Я выбрался из кресла, чтобы пожать ей руку, но она с шутовским старанием сделала книксен. Но затем все же протянула мне, и снова как-то шутовски, высоко, как бы для целования, худую, узкую, холодную руку.

– Послушайте! Неужели это правда, что вы прыгали с парашютом? – ахнула она, сделав страшно озабоченным свое худое, узкое, клином лицо.

– Правда.

– И сломали -ногу?

– Нет, не сломал.

Очевидно, она читала мою хронику из жизни десантников, для написания которой мне пришлось на некоторое время снова надеть военную форму и совершить первый в моей жизни прыжок.

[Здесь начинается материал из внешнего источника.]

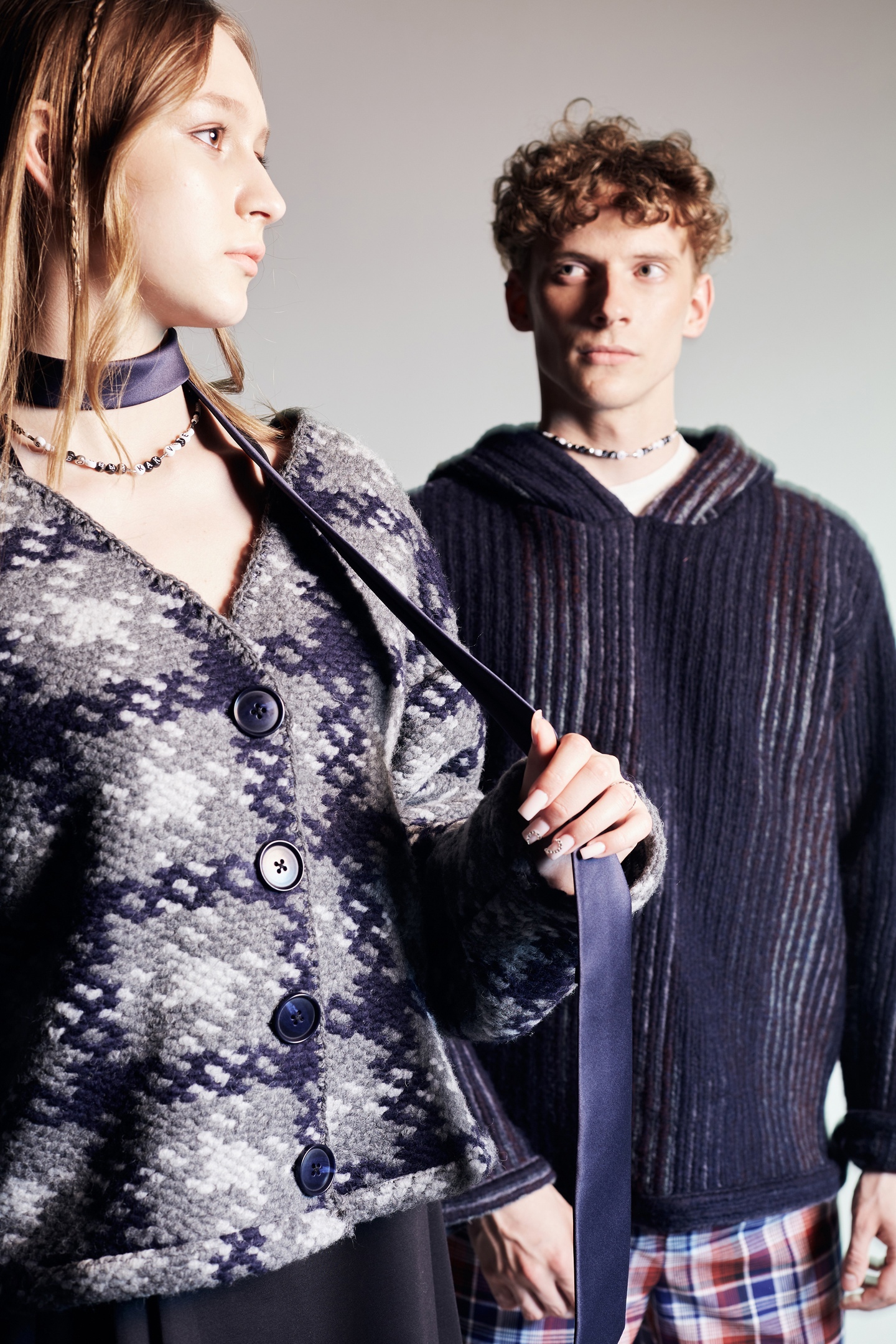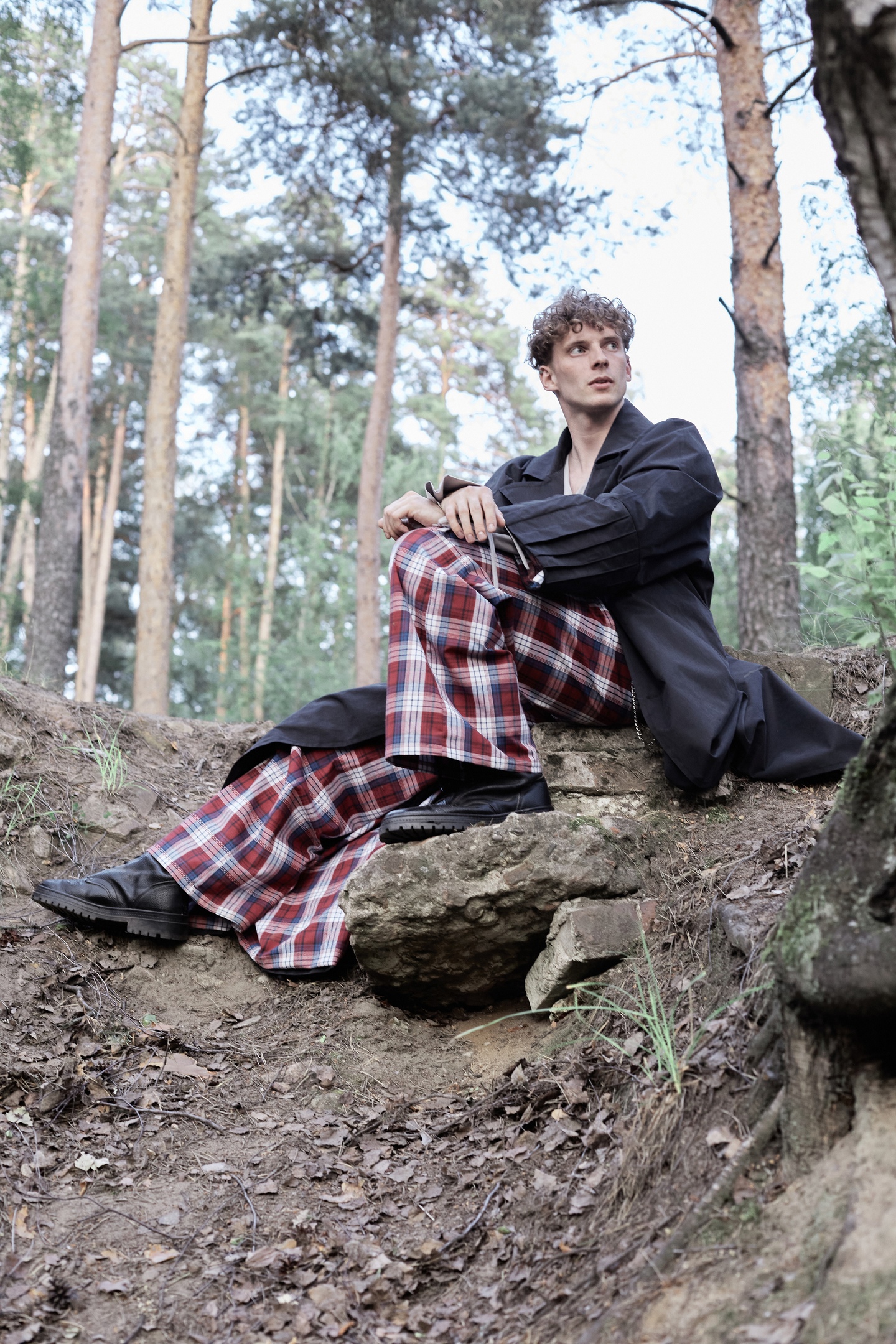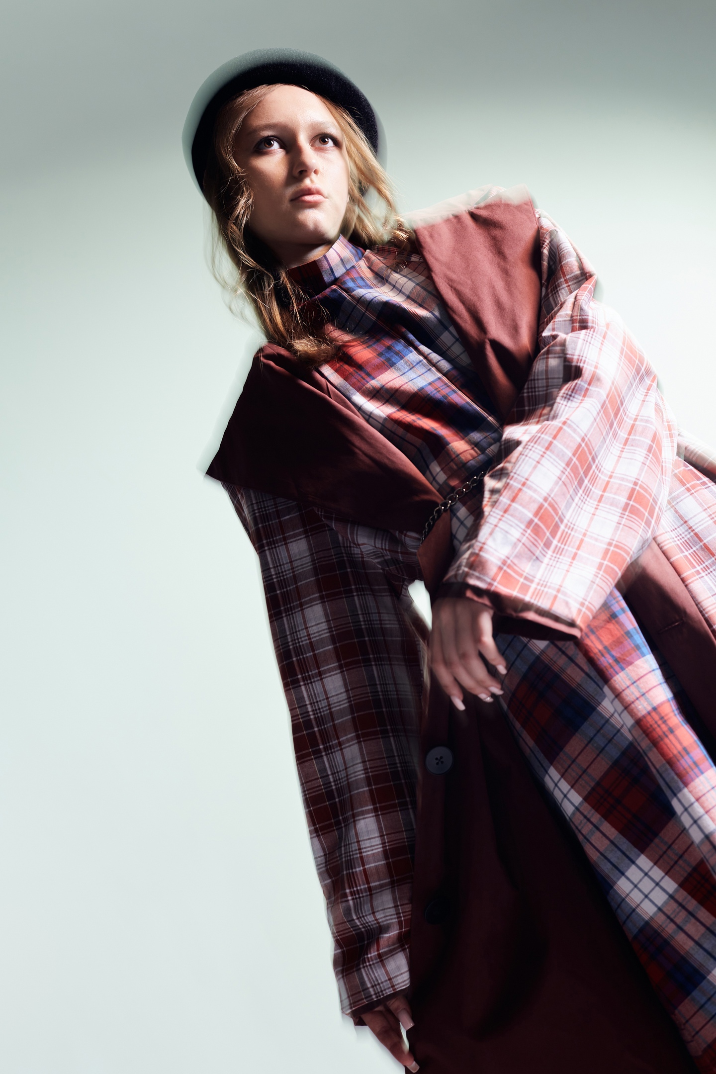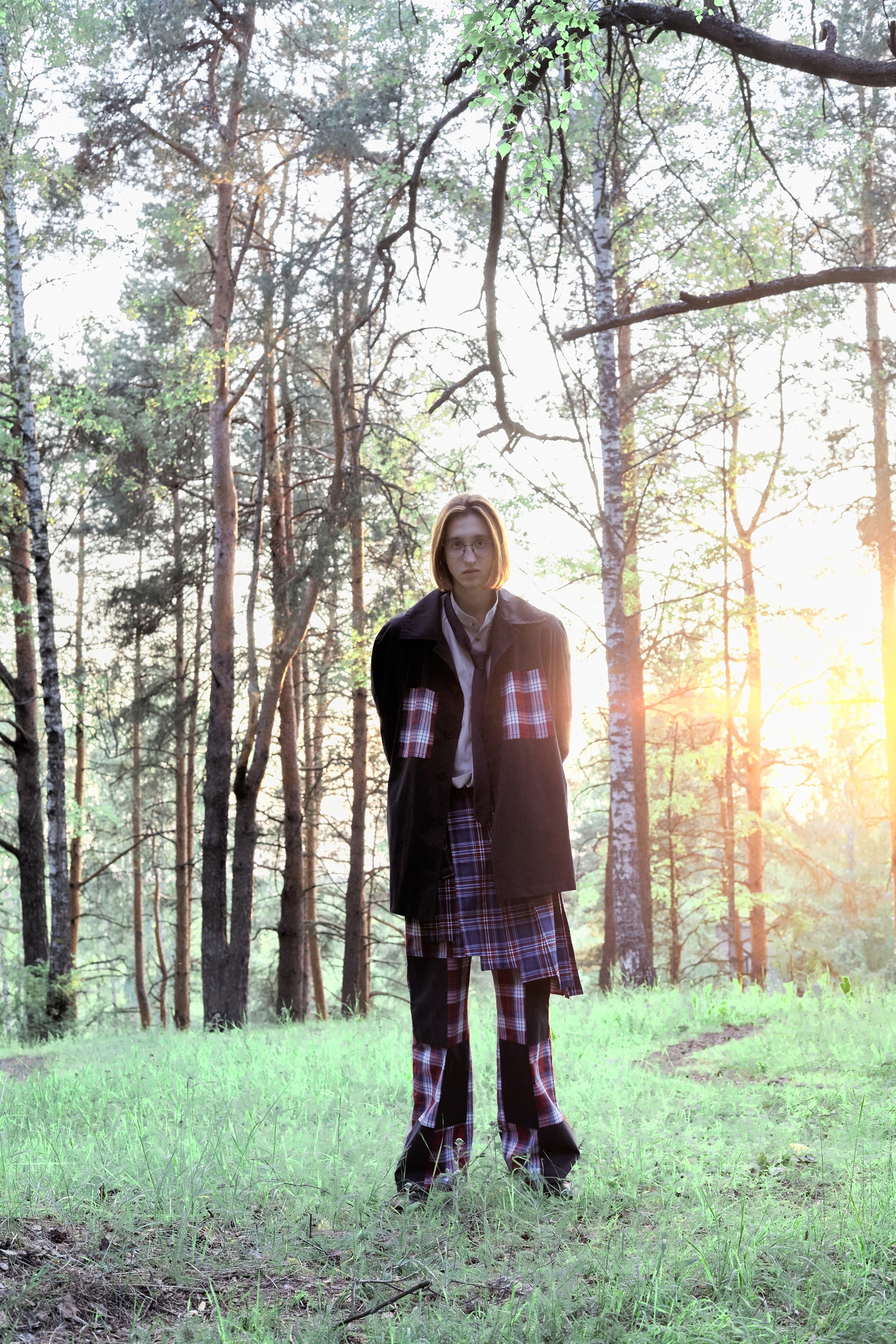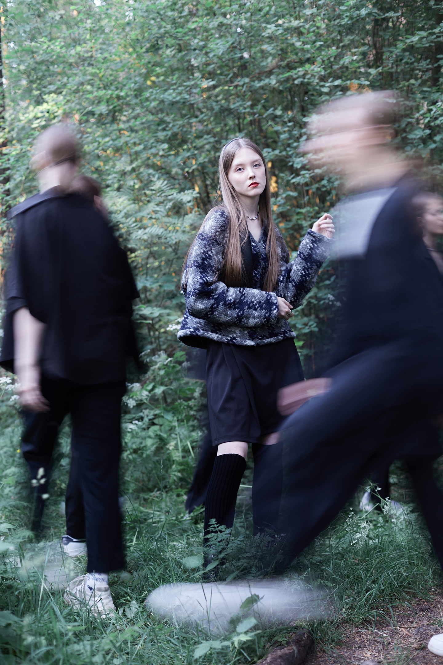 "Образы построены так, чтобы через текстуры, цвет и крой передавали внутреннее состояние человека и его переживания. Коллекция состоит из семи моделей, каждая из которых отражает частичку личности в рамках социума. Цветовая гамма в темных и приглушенных оттенках олицетворяет собой общество, а яркая клетка метафорично показывает личность, которая находится в заключении и пытается выйти наружу", − говорится в описании коллекции.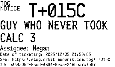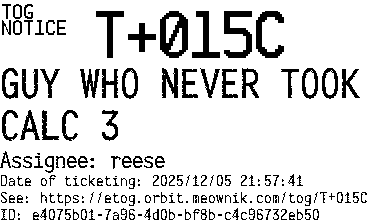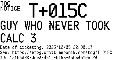 Orbit eTOG Listing Service: T+015C GUY WHO NEVER TOOK CALC 3

– Почему? – удивилась она и окинула меня озабоченным взглядом. – Вы жить не утомились?

– Нет.

– Странно.

– Ольга! – звонко сказала мать. – Я с человеком тридцать лет не виделась. Так тебе обязательно нужно...

– Ты его любишь? – сосредоточенно спросила Ольга.

– Господи, это что же такое?! – растерялась Катя.

– Почему все такие скучные? – спросила меня Ольга.

– Ну-ка, иди отсюда! – вспыхнув, поднялась Катя.

– Но я его тоже сто лет не видела. И я его, в отличие от тебя, люблю. Да! – сказала она мне. И повернулась к матери. – Он знаменитый. – Она снова обратилась ко мне. – Фамилия только у вас плохая: Бочуга! Человек с такой фамилией не может быть великим.

– Ольга! – крикнула мать.

– Да, мама! – скромно сказала Ольга. У нее был прекрасный профиль: отлично вылепленная голова, нос с чуть заметной горбинкой, твердые полные губы, слегка выступающий вперед круглый подбородок. Узкая, как хлыст, с черными, гладко стянутыми назад, блестящими волосами и черными же, угрюмыми глазами, рядом с кустодиевски полнотелой, полнокровной и луноликой Катей она выглядела залетным чертенком. – Господи, как ты разоделась! – сказала она, только теперь разглядев Катин наряд, – А я читаю все ваши хроники, – сухо доложила она. – Да! Боже! Чуть не забыла: я же собираю ваши портреты. Вырезаю из газет, из журналов.

– Много собрали?

– Один. А сколько ваших портретов печаталось?

– Один.

– О, боже! Простите, простите, простите! – сказала она, сложив перед грудью ладони. – Я же совсем не то хотела сказать... Теперь вы будете считать меня глупой, да? А я умная, правда-правда! Просто я от всего устала. И от того, что было. И еще больше от того, что будет. Я все время чувствую, что мне сто лет. И что я все уже прожила. И, как в кошмарном сне, мне зачем-то надо повторять все снова: учиться, выходить замуж, болеть, лечиться, рожать, воспитывать, добывать путевки в санаторий, разводиться... Это невыносимо. Ну, я пойду, ладно? А то мама сейчас меня проклянет. Мне было с вами интересно. До свидания. До встречи. Оревуар.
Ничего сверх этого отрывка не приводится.